Patients With Septic Shock

RNA samples from patients were obtained from a previous prospective study, ImmunoSepsis-1, which included adults with septic shock enrolled from December 2001 to April 2005 from 2 French university hospital ICUs [31, 32]. Twenty RNA samples collected from patients on day 3 were selected according to the expression of mHLA-DR measured by flow cytometry (Table 1). Ten septic shock patients with an mHLA-DR expression < 30% were selected as the “low mHLA-DR” group.

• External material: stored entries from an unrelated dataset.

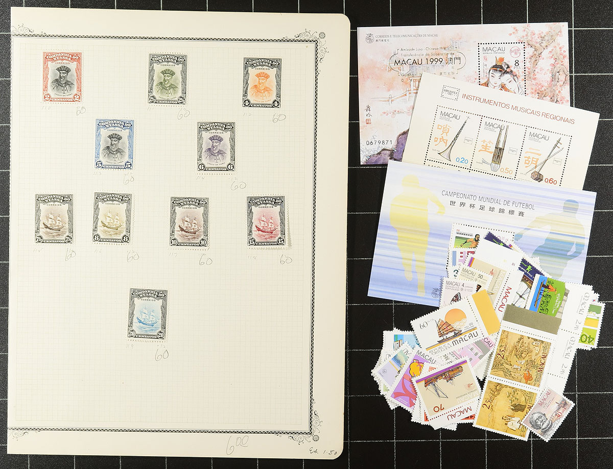 Macau, Timor and Nyassa, a mostly older assortment of sets and singles, mint and used, some mounted, some as purchased at auction such as the 1939 World’s Fair overprint from Timor. Includes some late 20th century mint Macau, with three souvenir sheets. The catalogue value will add up quickly here. Estimate =
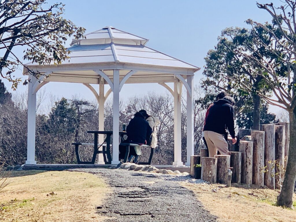 丘の上に建つ白いガゼボからは、梅林と里山の絶景が広がります。ゆっくり座って、春の風と景色を満喫してください。
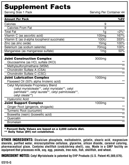 а також хондроїтин сульфат типу а і В, желатин, глюкозамін, лляне масло, комплекс цетил мірістолеат, гіалуронову кислоту, куркуму, корі нь імбиру, бромелайн, кварцетин, білки сироваткового типу, масло з сої, стеаринову кислоту, гліцерин і очищену воду.
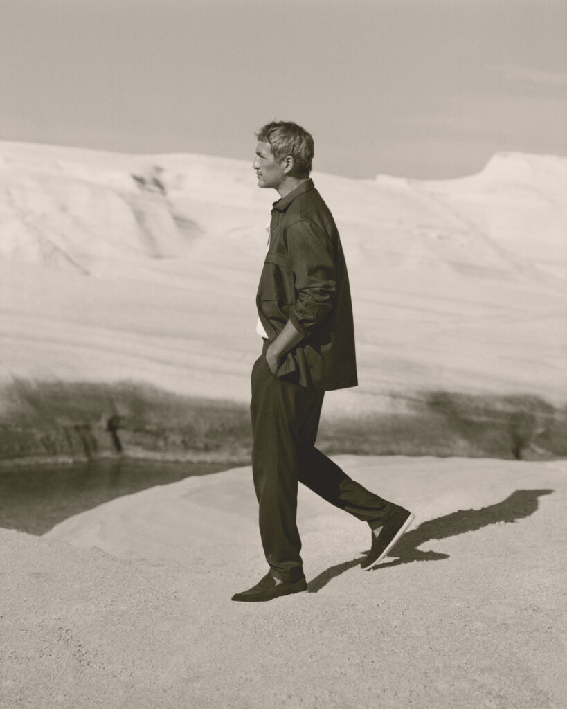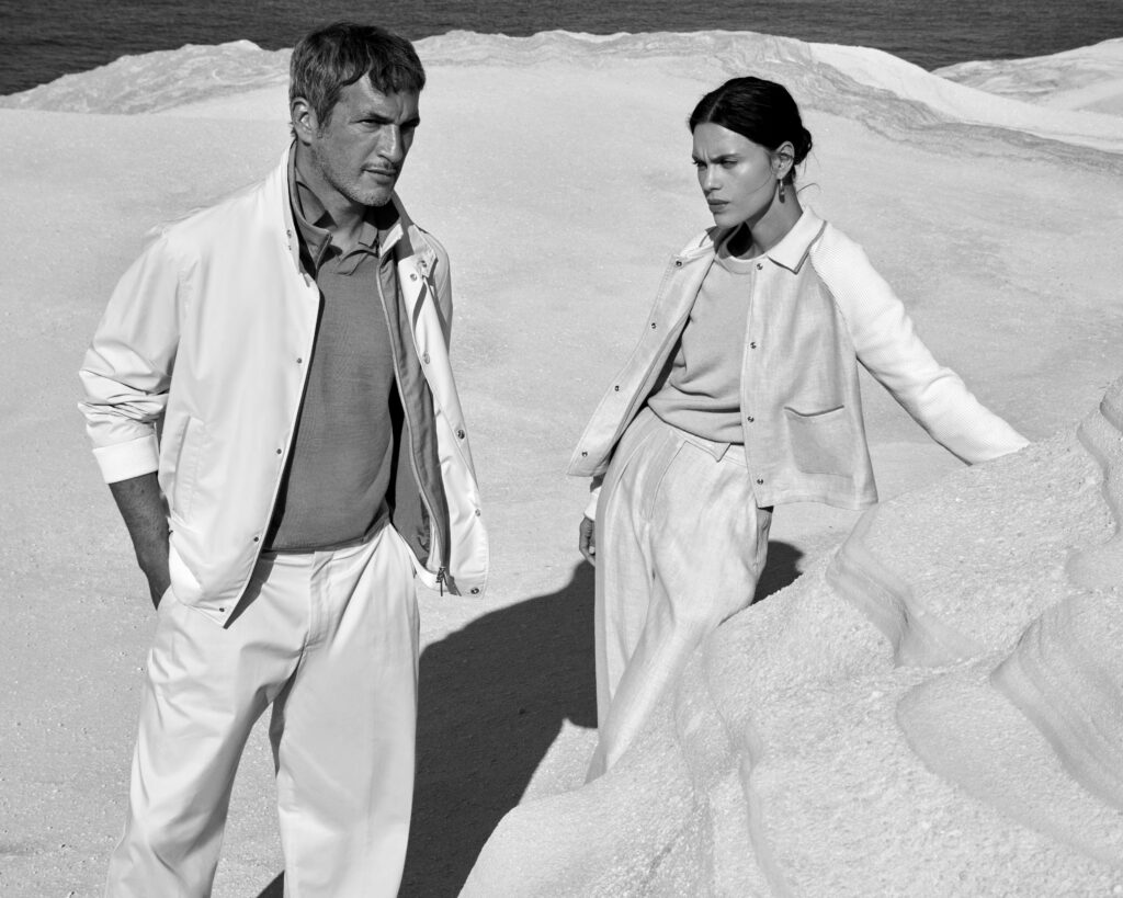 There is no noise here. No hyper-styling. No frantic narrative arc. A man and a woman move through wind and sun as if they belong to the terrain. The garments do not compete with nature. They negotiate with it.
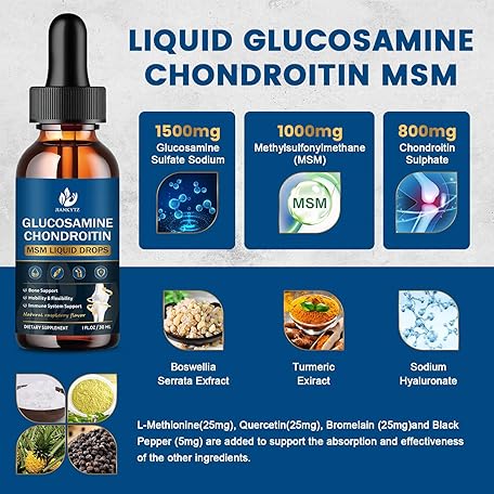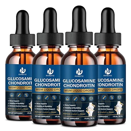 (4 Pack) Glucosamine Chondroitin MSM Liquid Drops, High Absorption, Antioxidant, Immune, Bone Support, MSM Supplement for Men & Women, Vegan, Sugar-Free, Raspberry Flavor, 1 Fl Oz
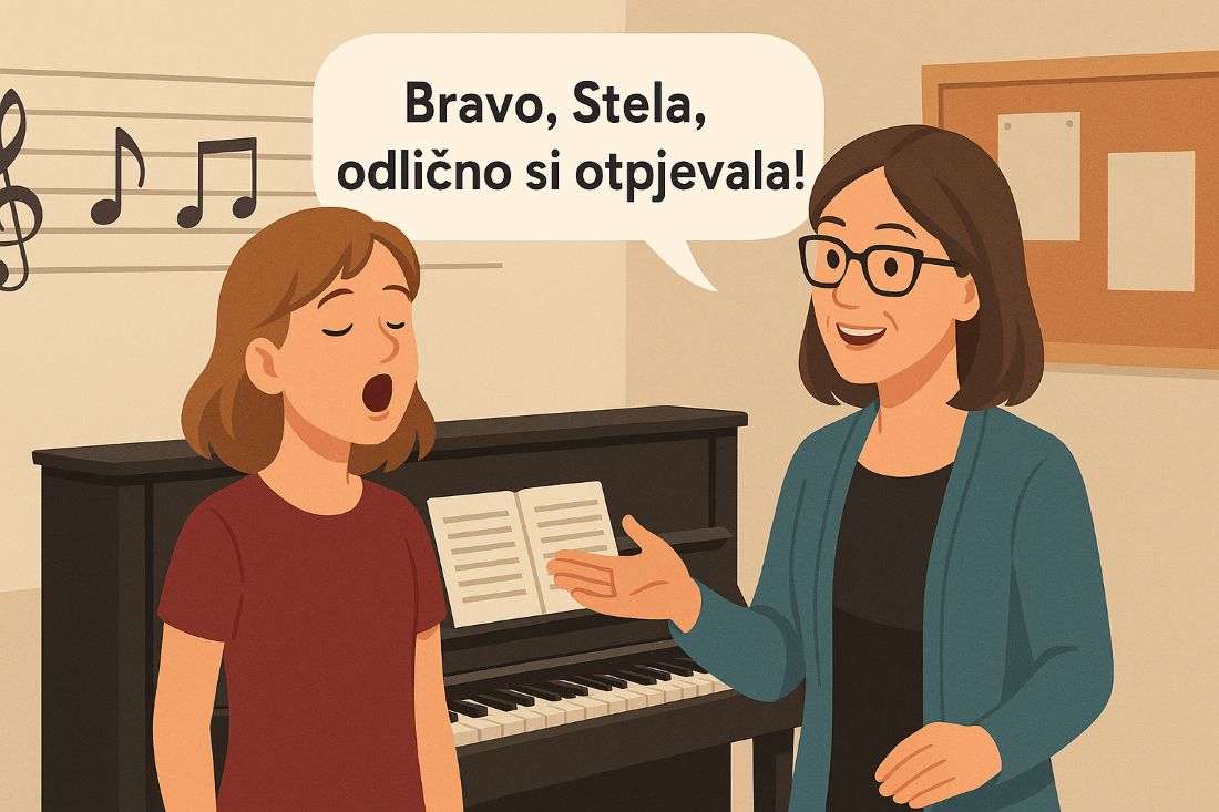U našim životima često susrećemo ljude koji ostavljaju neizbrisiv trag, a jedan od takvih skrivenih heroja svakodnevice je moja profesorica solo pjevanja u glazbenoj školi. Ova iznimna žena ne samo da me uči tehnikama pjevanja, već me i motivira da otkrijem vlastiti glas i izrazim svoje emocije kroz glazbu. Na njenom satu najviše volim kada mi kaže: “ Bravo Stela, odlično si otpjevala!”, ali i kad mi kaže: “ Stela, nisi baš dobro uvježbala.” To me jako motivira da budem još bolja.
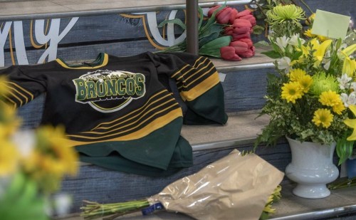 This special illumination is timed to coincide with this evening’s gathering of members of the Humboldt community to mourn at the home arena of the Humboldt Broncos, junior hockey team, following the crash which tragically took the lives of 15 people and injured another 14 members of that community.
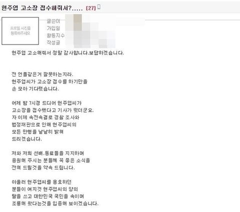 현주엽이 명예훼손으로 고소했지만, 무죄로잘빠져나갔음
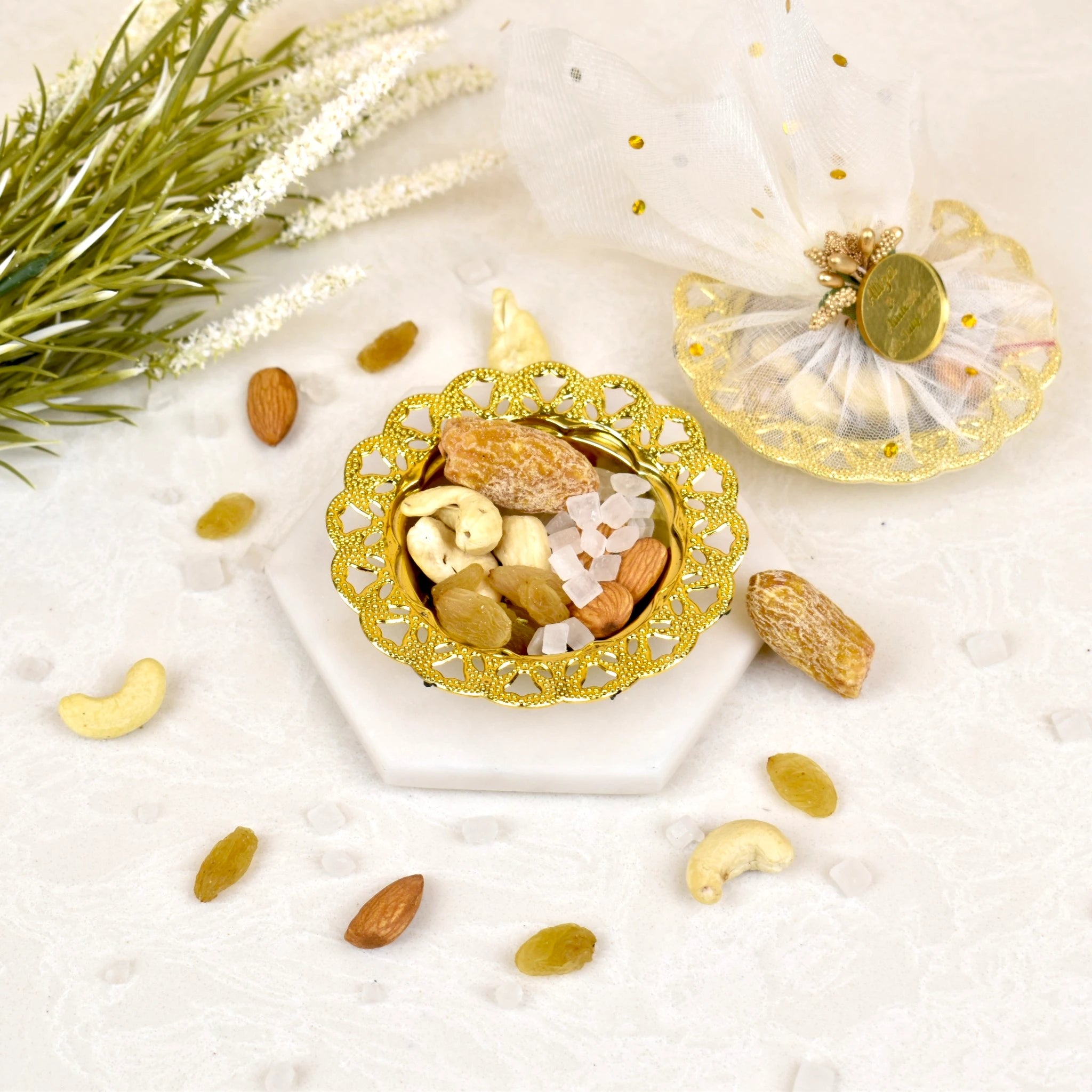 Celebrate the sacred bond of Nikah with our elegant Mix Dry-Fruit Nikah Favor Gift Tray—a perfect blend of tradition and luxury. In Islamic culture, dry fruits are often shared as symbols of prosperity, joy, and blessings, making this beautifully designed tray an ideal gift for your Nikah ceremony. Featuring an assortment of premium dry fruits arranged in a decorative tray, this thoughtful gift reflects the warmth and generosity of Islamic traditions, offering a meaningful gesture to your loved ones on your special day.

The other 10 patients exhibited > 30% mHLA-DR expression and were grouped as “intermediate mHLA-DR.”

Table 1.

Clinical Characteristics of Patients With Septic Shock From the ImmunoSepsis-1 Cohort

Characteristic	Borderline mHLA-DR (> 30%) Patients (n = 10)	Low mHLA-DR (< 30%) Patients (n = 10)
Characteristics of patients
Age, y, median (IQR)	68 (62–77)	67 (63–75)
Male sex	5 (50)	5 (50)
Comorbiditiesa (≥ 1)	2 (20)	5 (50)
SOFA scoreb (day 1), median (IQR)	9 (8–12)	11 (10–12)
SOFA scoreb (day 3), median (IQR)	10 (8–11)	12 (9–14)
SAPS IIb (day 1), median (IQR)	47 (44–54)	60 (51–73)
HLA-DR, % expression on monocytes (days 3–4), median (IQR)	56 (50–62)	15 (12–16)
Type of admission
Medical	7 (70)	5 (50)
Elective surgery	…	1 (10)
Emergency surgery	3 (30)	4 (40)
Primary site of infection
Abdominal	4 (40)	4 (40)
Pulmonary	4 (40)	5 (50)
Other	2 (20)	1 (10)
Outcomes
ICU length of stay, d, median (IQR)	21 (14–31)	22 (12–31)
Survivors at day 28	7 (70)	4 (40)

Data are presented as No. (%) unless otherwise indicated.

Abbreviations: HLA-DR, human leukocyte antigen–DR; ICU, intensive care unit; IQR, interquartile range; mHLA-DR, human leukocyte antigen–DR in monocytes; SAPS II, Simplified Acute Physiology Score II; SOFA, Sequential Organ Failure Assessment.

aComorbidities include cardiac, hepatic, respiratory, or/and renal comorbidities.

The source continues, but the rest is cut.